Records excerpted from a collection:

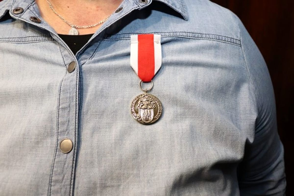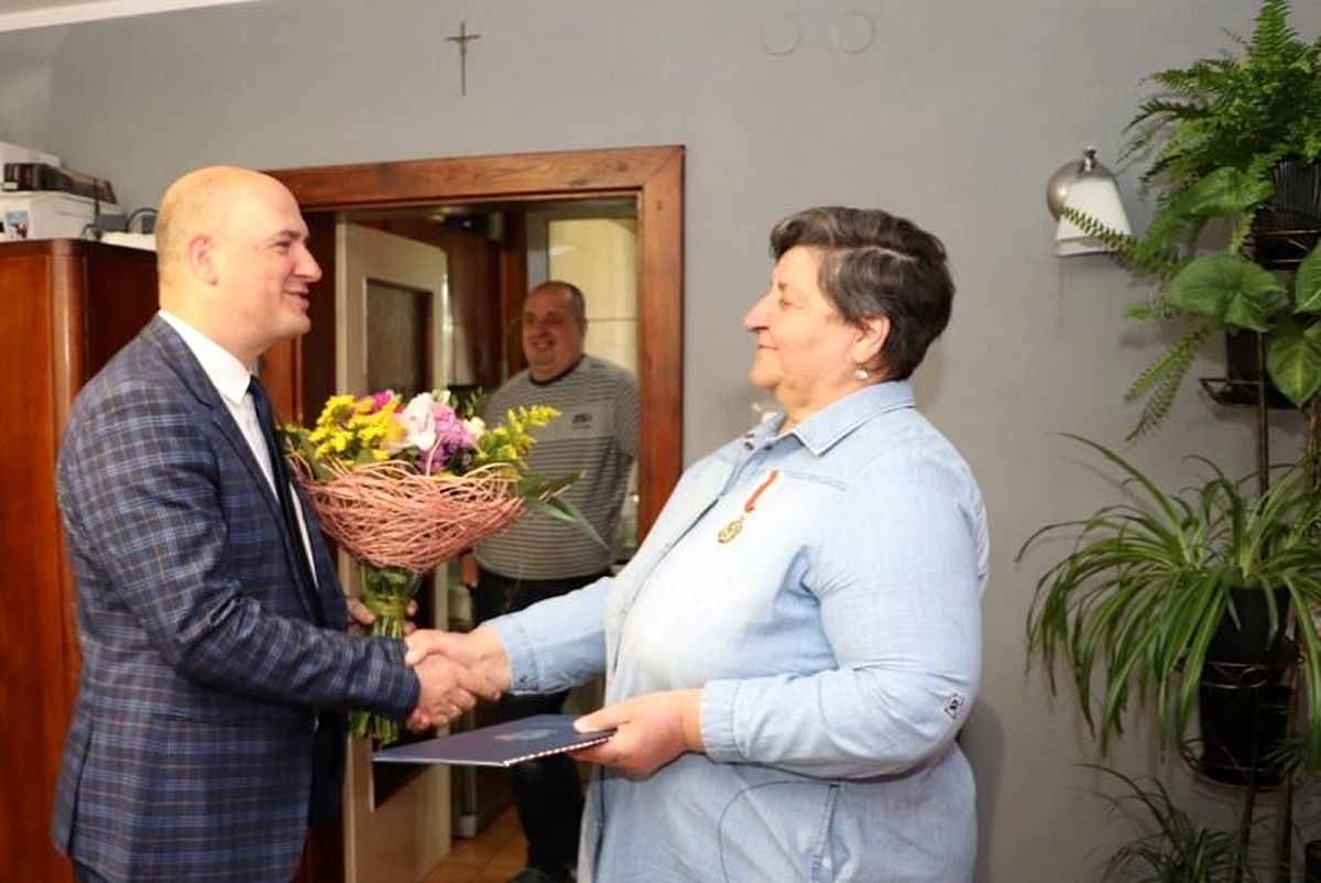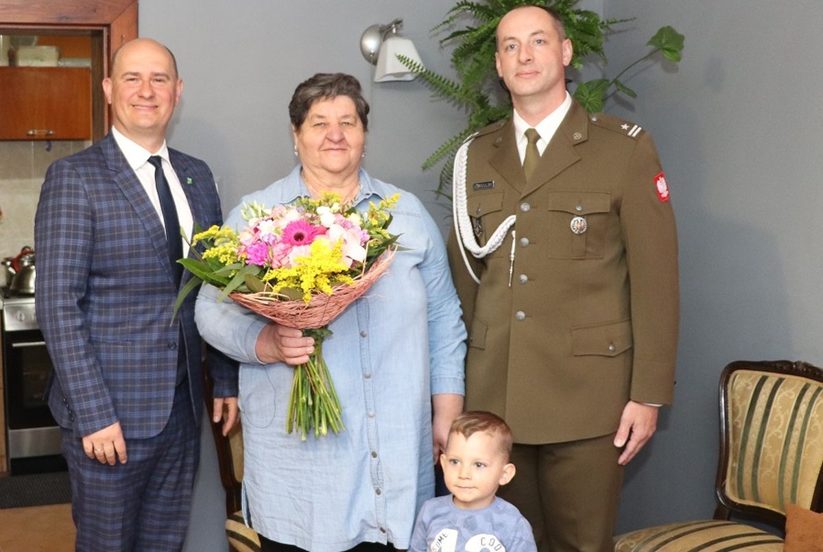 Wójt Gminy Garwolin Marcin Kołodziejczyk wraz z mjr Norbertem Dźwigulskim z Wojskowego Centrum Rekrutacji wręczyli mieszkance gminy Garwolin Henryce Lasockiej Złoty Medal za Zasługi dla Obronności Kraju.
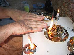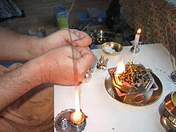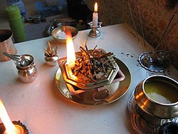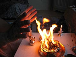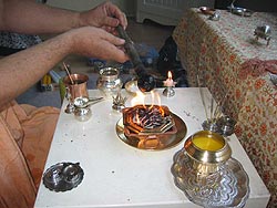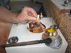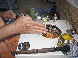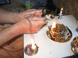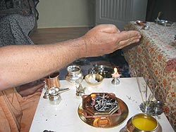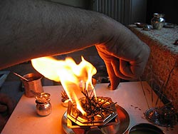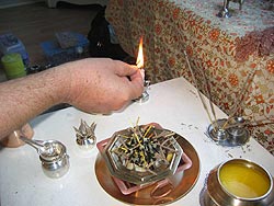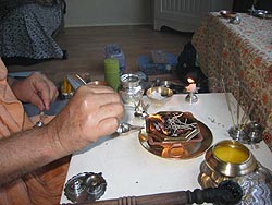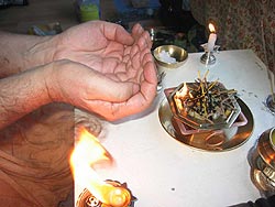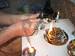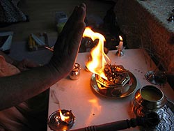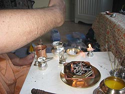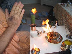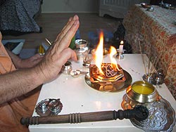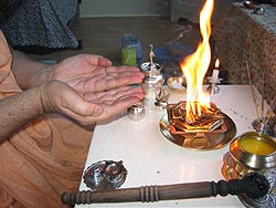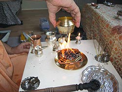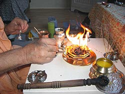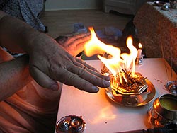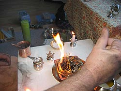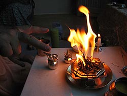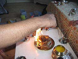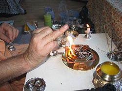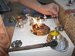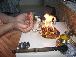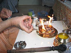 | I ingite a piece of camphor and drop it into the camphor at the southeast of the vedi. I chant: om kravyadam agnim prahinomi duram yamarajyam gacchatu ripravahah. This mantra is for casting away the inauspicious aspect of fire. | |
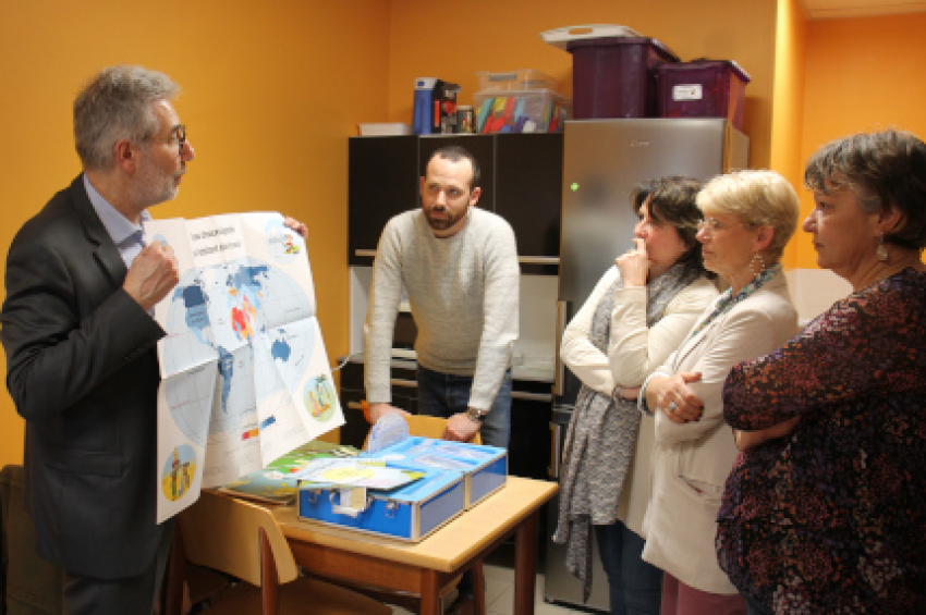 Les enseignantes posent des questions sur le contenu de cette mallette magique qui propose pipettes, fioles, et ustensiles utiles à des prélèvements. Une manière ludique de découvrir le cycle de l’eau, tel un mini-laboratoire portatif puisque facile à manipuler. Commentaires de Thierry CHANUSSOT durant son exposé aux représentantes du SIVOM et aux enseignantes, « cette mallette pédagogique permet à l’élève de suivre une vraie démarche scientifique, basée sur l’observation, la formulation d’hypothèses, et la validation par l’expérience… ».
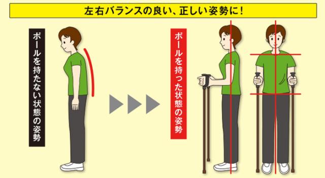 ■2本のポールを持つだけで自然と背筋が伸び、正しく美しい歩行姿勢へ導きます。
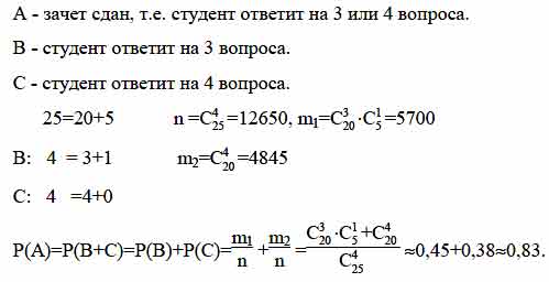 Студент знает 20 из 25 вопросов программы. Зачет считается сданным, если студент ответит не менее, чем на 3 из 4 поставленных в билете вопросов. Какова вероятность того, что студент сдаст зачет?
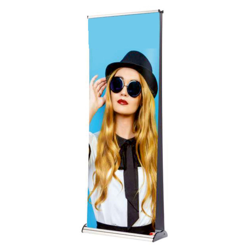 Ce roll up à double face est particulièrement adapté aux centres commerciaux, aux aéroports, et autres endroits à fort passage multidirectionnel. Avec sa finition en aluminium, son pied dépliable pour une stabilité accrue, et son mât à élastique robuste.
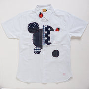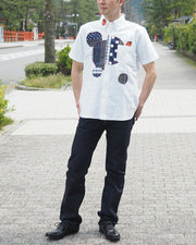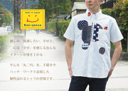 GEN SENCE Hand-painted Yuzen & Remake "Round Circle Shirt" Button Down Shirt Short Sleeve White Men's [GS-SH-SS-01-WH]
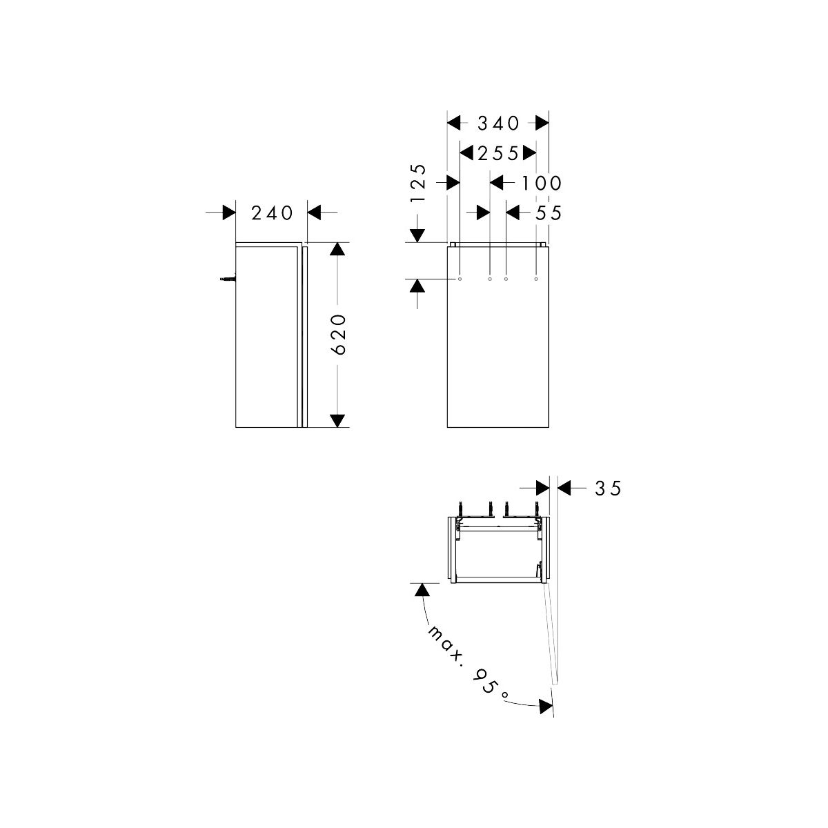 - Platzsparender Siphon (Nr. 54235000) erforderlich und separat zu bestellen
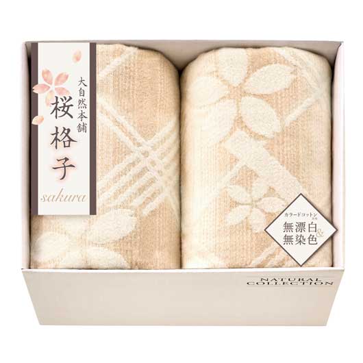 ●商品名:大自然本舗~桜格子~ 肌にやさしい自然色の綿毛布2P  SBN85200
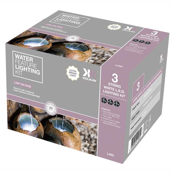 Kelkay Water Feature 3 String White LED Lighting Kit includes two low voltage & safe submersible lights ideal for resin or stone water fountains or features.
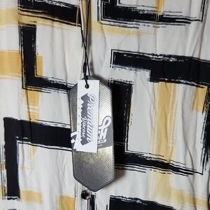 Fresh Black and Tan Casual Button Down Shirt with Geometric Pattern
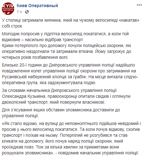 По словам начальника Днепровского управления полиции Александра Кузьмина, полицейские опросили свидетелей и осмотрели велосипед, вернули владельцу.
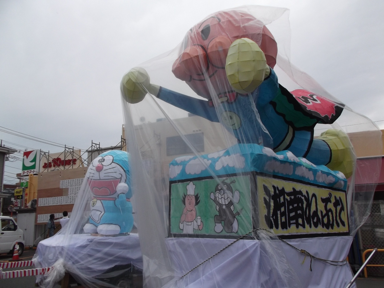 本番前に現地入りしましたら、駅付近の駐車場広場では屋台の仕込み準備が大忙し、待機場の大太鼓が鳴り響き、その周りを浴衣姿の子供達がはしゃいでいました。
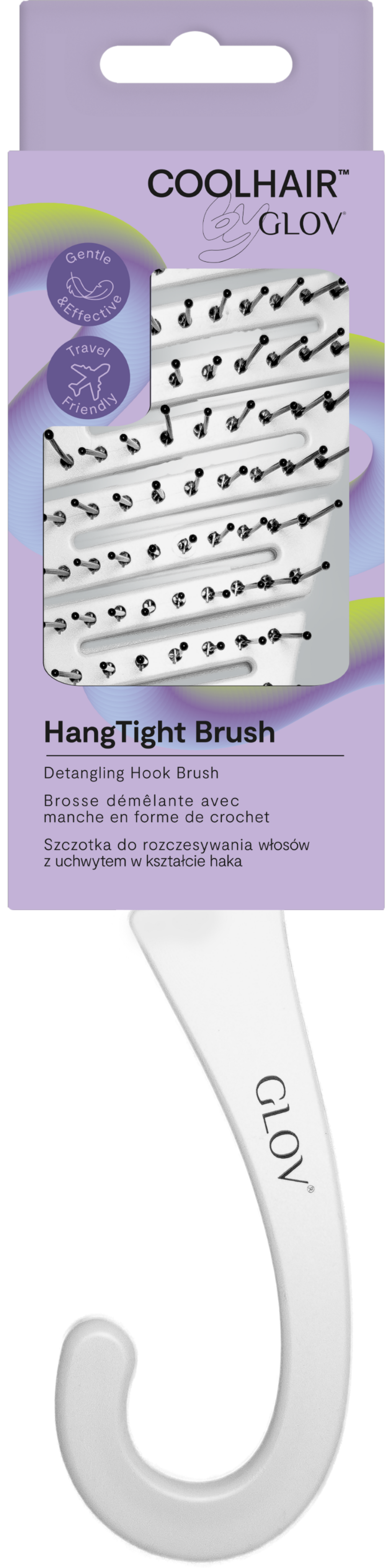 Моделът HangTight Brush е създаден, за да се забива навсякъде, където пожелаете, само не и в косата ви! Благодарение на гъвкавите си косъмчета със заоблени върхове тя се плъзга по косата ви особено нежно и разплита без усилие и безболезнено. Ергономичната дръжка осигурява добър захват, а формата на кука гарантира, че четката е винаги там, където искате: на решетката на душа, на закачалката за кърпи или на куката в банята.
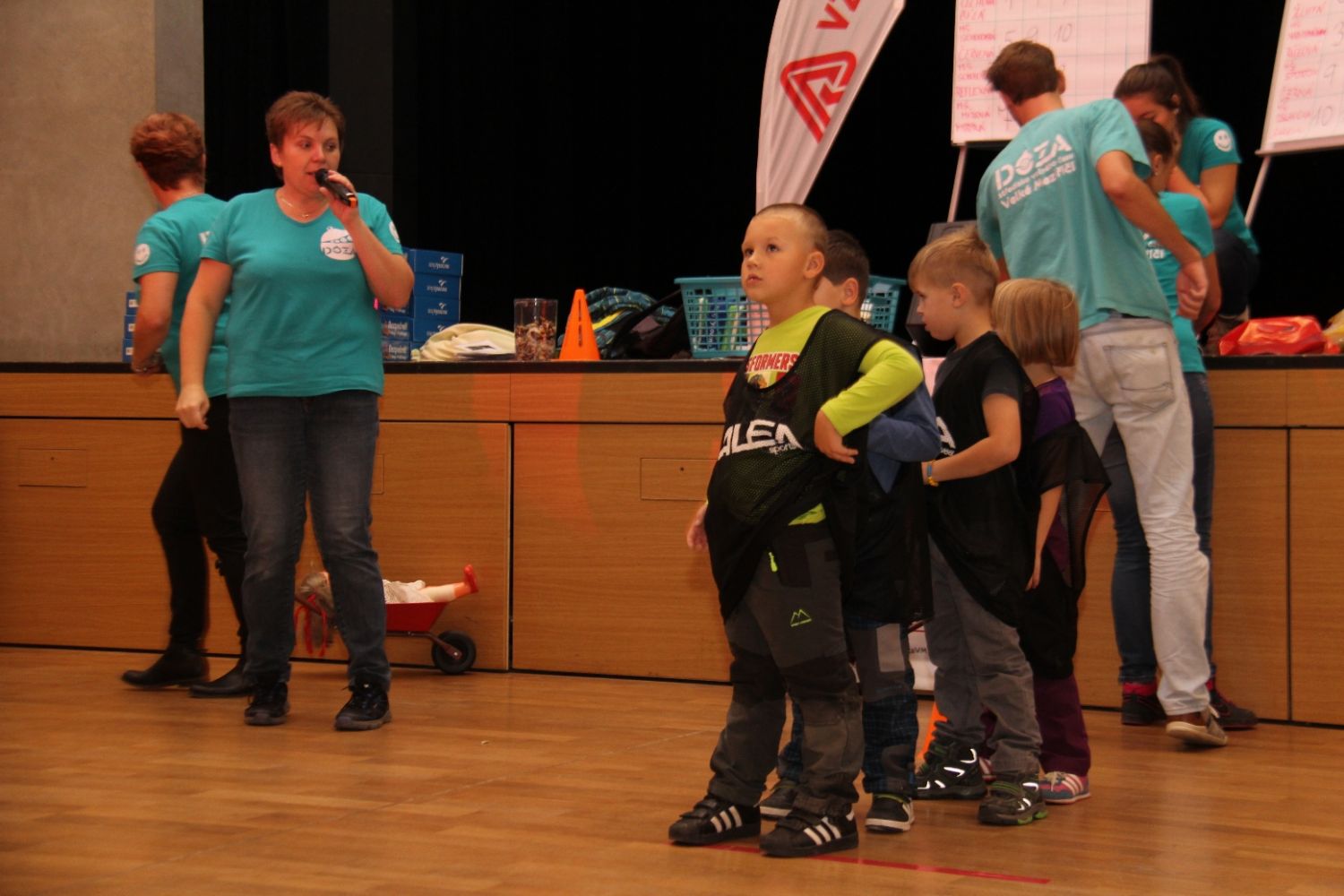 Včera se do velkého sálu Jupiter clubu dostavila soutěžní družstva dětí z mateřských škol na Den bez bolístek. Plnily různé úkoly, například hledaly v labyrintu lékárničku pro zraněného kamaráda, musely zvládnout bez chyb test bezpečnosti či třeba převézt v kotouči zraněného kamaráda slalomovou dráhou.
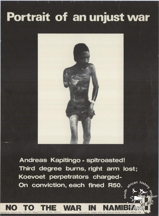 Portrait of an unjust war : Andreas Kapitingo - spitroasted! : Third degree burns, right arm lost; Koevoet perpetrators charged- On conviction, each fined R50 : NO TO THE WAR IN NAMIBIA |
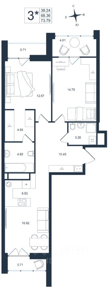 Продаётся 3-комнатная квартира в строящемся доме (Дом 1), срок сдачи: III-кв. 2027, общей площадью 73.74 кв.м., на 4 этаже. Новый жилой комплекс ''Архитектор'' от группы компаний ''Девелопмент-Юг'' расположен по адресу: г. Владивосток, по ул. Бежецкая.
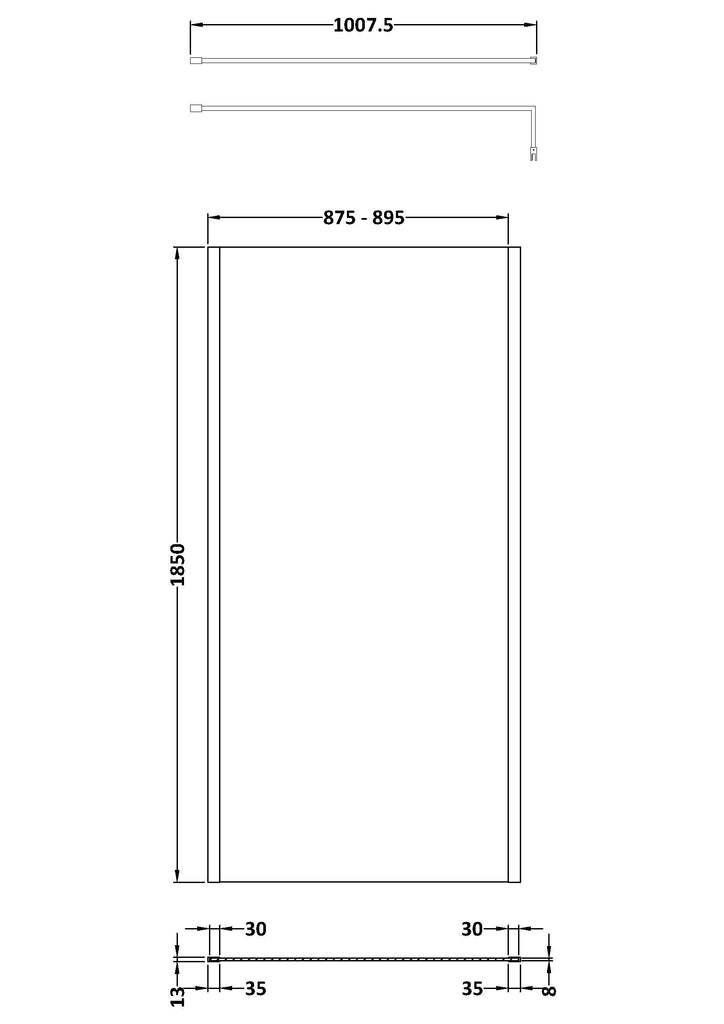 NUIE 900mm Outer Framed Wetroom Screen with Support Bar
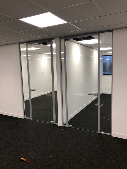 Granmore recently completed this seamless glass installation with glass doors and aluminum door frames for sound transfer reduction. This style also allows daylight to transmit into corridor areas. The solid walls are for sound transfer reduction. Of course, we also do ceiling tiles.
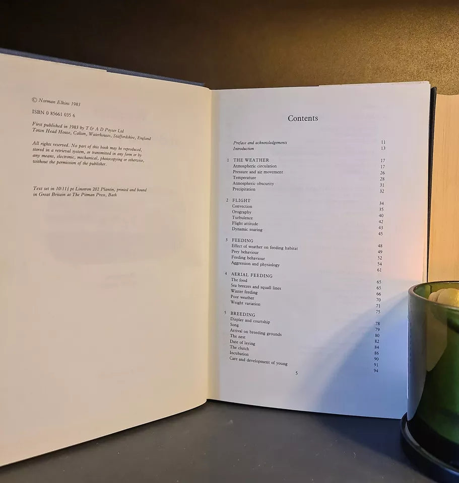 The chapter titles indicate the book's range and interest: The Weather, Flight; Feeding: Aerial Feeding, Breeding-Comfort; Migration; Migrational Drift and Displacement; Vagrancy; Migration of Soaring Birds; Extreme Weather; Seabirds. From such themes the author, professional meteorologist, has composed an intriguing and instructive study (and an introduction to meteorology) of exceptional usefulness to birdwatchers and ornithologists.
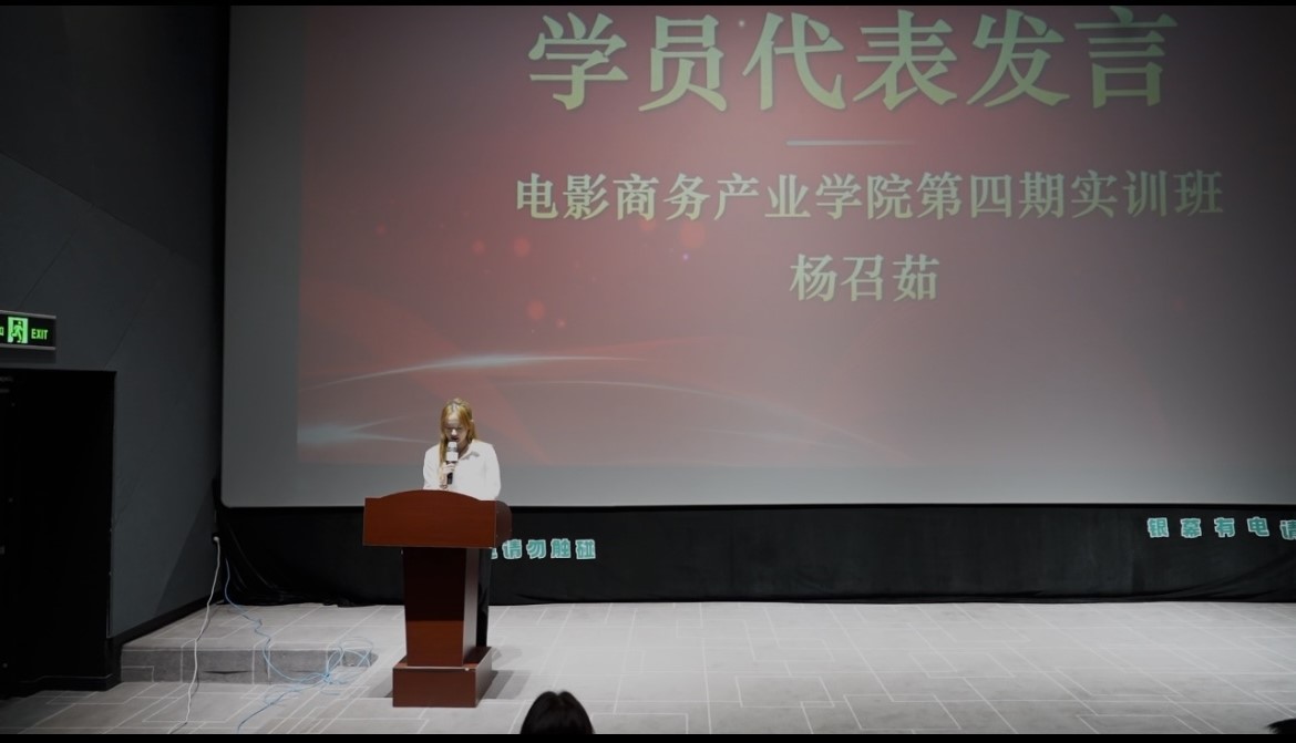 随后,第四期实训班学员代表杨召茹上台分享学习感悟。她结合自身在课程学习、项目实践中的经历,讲述了在电影商务策划、市场运营等方面的收获与成长,表达了对学院师资团队与实训平台的由衷感谢,并展望了今后在行业内深耕发展的决心。

-- REQUIRED ACTION --
Could you transcribe exactly the entries above, but only the lines from the one with "По словам начальника" through the one with "Granmore recently completed", and without pictures?

-- TASK RESPONSE --
 По словам начальника Днепровского управления полиции Александра Кузьмина, полицейские опросили свидетелей и осмотрели велосипед, вернули владельцу.
 本番前に現地入りしましたら、駅付近の駐車場広場では屋台の仕込み準備が大忙し、待機場の大太鼓が鳴り響き、その周りを浴衣姿の子供達がはしゃいでいました。
 Моделът HangTight Brush е създаден, за да се забива навсякъде, където пожелаете, само не и в косата ви! Благодарение на гъвкавите си косъмчета със заоблени върхове тя се плъзга по косата ви особено нежно и разплита без усилие и безболезнено. Ергономичната дръжка осигурява добър захват, а формата на кука гарантира, че четката е винаги там, където искате: на решетката на душа, на закачалката за кърпи или на куката в банята.
 Včera se do velkého sálu Jupiter clubu dostavila soutěžní družstva dětí z mateřských škol na Den bez bolístek. Plnily různé úkoly, například hledaly v labyrintu lékárničku pro zraněného kamaráda, musely zvládnout bez chyb test bezpečnosti či třeba převézt v kotouči zraněného kamaráda slalomovou dráhou.
 Portrait of an unjust war : Andreas Kapitingo - spitroasted! : Third degree burns, right arm lost; Koevoet perpetrators charged- On conviction, each fined R50 : NO TO THE WAR IN NAMIBIA |
 Продаётся 3-комнатная квартира в строящемся доме (Дом 1), срок сдачи: III-кв. 2027, общей площадью 73.74 кв.м., на 4 этаже. Новый жилой комплекс ''Архитектор'' от группы компаний ''Девелопмент-Юг'' расположен по адресу: г. Владивосток, по ул. Бежецкая.
 NUIE 900mm Outer Framed Wetroom Screen with Support Bar
 Granmore recently completed this seamless glass installation with glass doors and aluminum door frames for sound transfer reduction. This style also allows daylight to transmit into corridor areas. The solid walls are for sound transfer reduction. Of course, we also do ceiling tiles.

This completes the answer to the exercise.